As an Indian, [spice] is very much part of our culture, and [south India] is where much of the world’s best spices come from. I think spices are the thing that defines your cooking and gives it character—otherwise it’s just a bunch of pantry ingredients. It’s just produce, and protein, and starch, right? We think of chicken and vegetables—well that chicken and vegetables can be chicken cacciatore or chicken adobo or chicken fajitas or stir-fry or chicken curry. What makes those dishes different is the spices you add. Spices are a basic element of cooking and there wasn’t a really substantial encyclopedia or dictionary of spices out there, where you could learn how to use them, learn how they’ve traditionally been used around the world, how to store them and where they come from, and what the benefits and flavor profiles are… I want it to be a reference guide that everybody keeps, not in their bookshelf, but on the shelf in their kitchen so that when they go to the store they can buy some funky new herb or twig and learn how to use it, and then maybe take a recipe that they’re already familiar with and tweak it by just using 2-3 different spices.

Photo from Tangy Tart Hot & Sweet/Weinstein Books

 

In addition to your writing and work on TV, you also stay busy as the co-founder of the Endometriosis Foundation of America, and you’ve been open about having Endometriosis, a health issue that affects the female reproductive organs often starting in adolescence, yourself. What should people know about the EFA?

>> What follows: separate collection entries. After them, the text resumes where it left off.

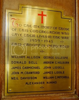 TO THE MEMORY OF THOSE/OF THIS CONGREGATION WHO/GAVE THEIR LIVES IN THE WAR/1939-1945/THIS CANOPY IS DEDICATED/[names in 2 columns]
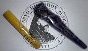 Title: Two cigarette's pipes: 1. Black with shoe shape and 2. normal, alabaster |
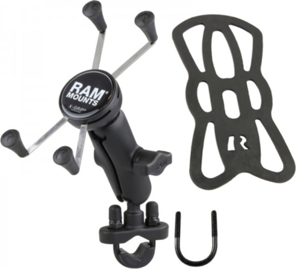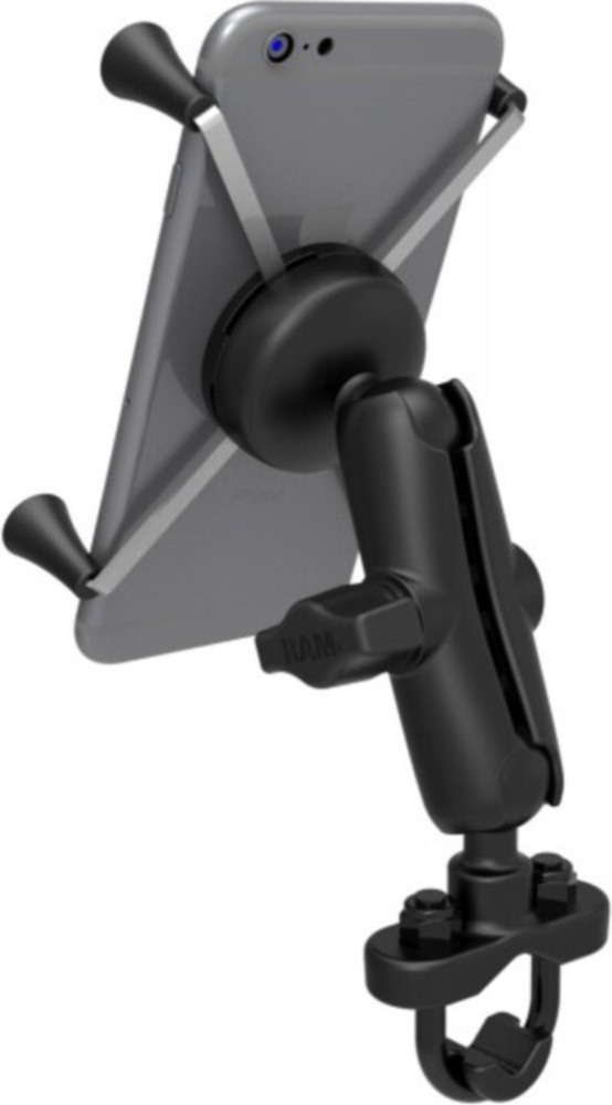 Ideal for handlebars, the RAM-B-149Z-UN10U consists of a zinc-coated U-bolt base, medium length double socket arm, and the popular spring-loaded RAM X-Grip® large phone holder.
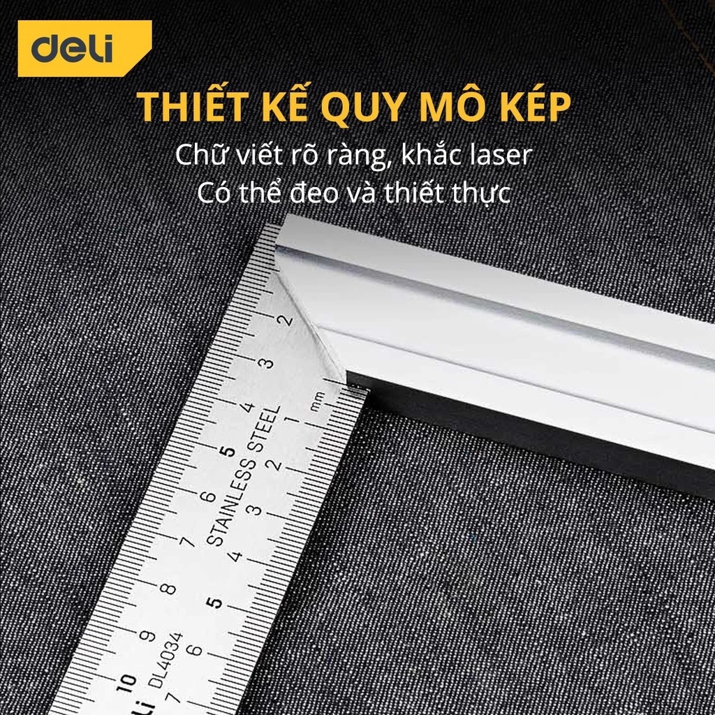 ✨Thước Vuông Góc Kim Loại Deli Kích Thước 200mm - Sử Dụng Đo Đạc Trong Xây Dựng, Sửa Chữa Nhà Cửa - DL4034
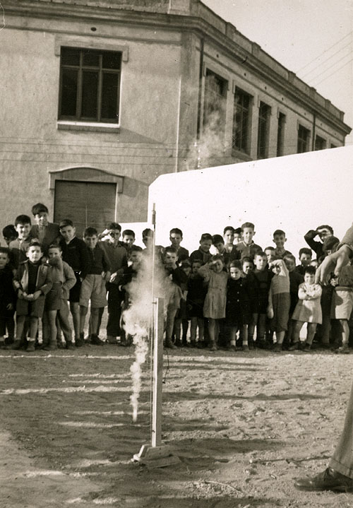 (Ampliar) - Llançament d'un petard al pati d'esbarjo de les Escoles d'Ensenyament Primari de Foment de Cultura. 1955. Autor desconegut. CRDI - Ajuntament de Girona.
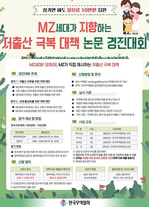 무역협회는 26일부터 다음달 14일까지 ‘MZ 세대가 지향하는 저출산 극복 대책 논문 경진대회’를 개최한다고 밝혔다. 공모 대상 MZ로는 1980년~2004년생으로 한정했다.
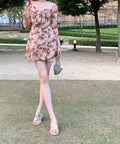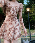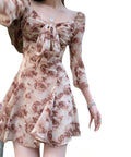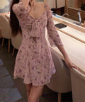 Purple Square Collar Floral Chiffon Women's Long Sleeve Printed Waist-controlled Elegant Dress

Our biggest mission is to raise awareness about Endo so that no other woman goes through what most women in my generation with Endo have gone through, which is not getting a proper diagnosis for at least a decade, severe debilitation, chronic pain every month, headaches, back aches, digestive problems, missing work, missing school events, missing family occasions, and just feeling very isolated because of your pain and not understanding its origins… We have funded research grants, we have held nurses conferences and doctors conferences—we just had one about breast and ovarian cancer and how that is related to Endometriosis—we’ve helped launch a center for reproductive research, for gynepathology, the CGI at MIT in conjunction with Harvard Medical School, and we have lots of things we want to do. We are up in arms about how President Trump feels he is able to restrict access to birth control when many women—millions, actually—use birth control pills for things other than, or in addition to, contraception. A lot of women can’t afford it, and if you can’t go to work because you have terrible cramps…you may [lose your job] because you can’t show up to work; and even if you have insurance at work, your boss doesn’t have to give you those pills and they get to decide your treatment and what your healthcare looks like—to me, that’s discrimination.

You’re also an ACLU Ambassador, and have long been vocal about your support for women’s health and civil rights causes. How do you talk to your daughter about the importance of standing up for causes you believe in?

I think the aim of every human being, to live a productive and worthy life, is to try to better the world in which he or she lives in. You just do it every day in ways that are age-appropriate to your children… [Krishna] knows that mommy doesn’t agree with a lot of things that this administration is doing. She was at the Javits Center with me on the night of the election when Hillary didn’t win. That was really emotional for us because Krishna helped me campaign [for Hillary] and she was very excited to see the first woman president in her young life. She understands that her grandmother came here as an immigrant and her mother came here as an immigrant and that we made a life for ourselves and her life is so much better because of that.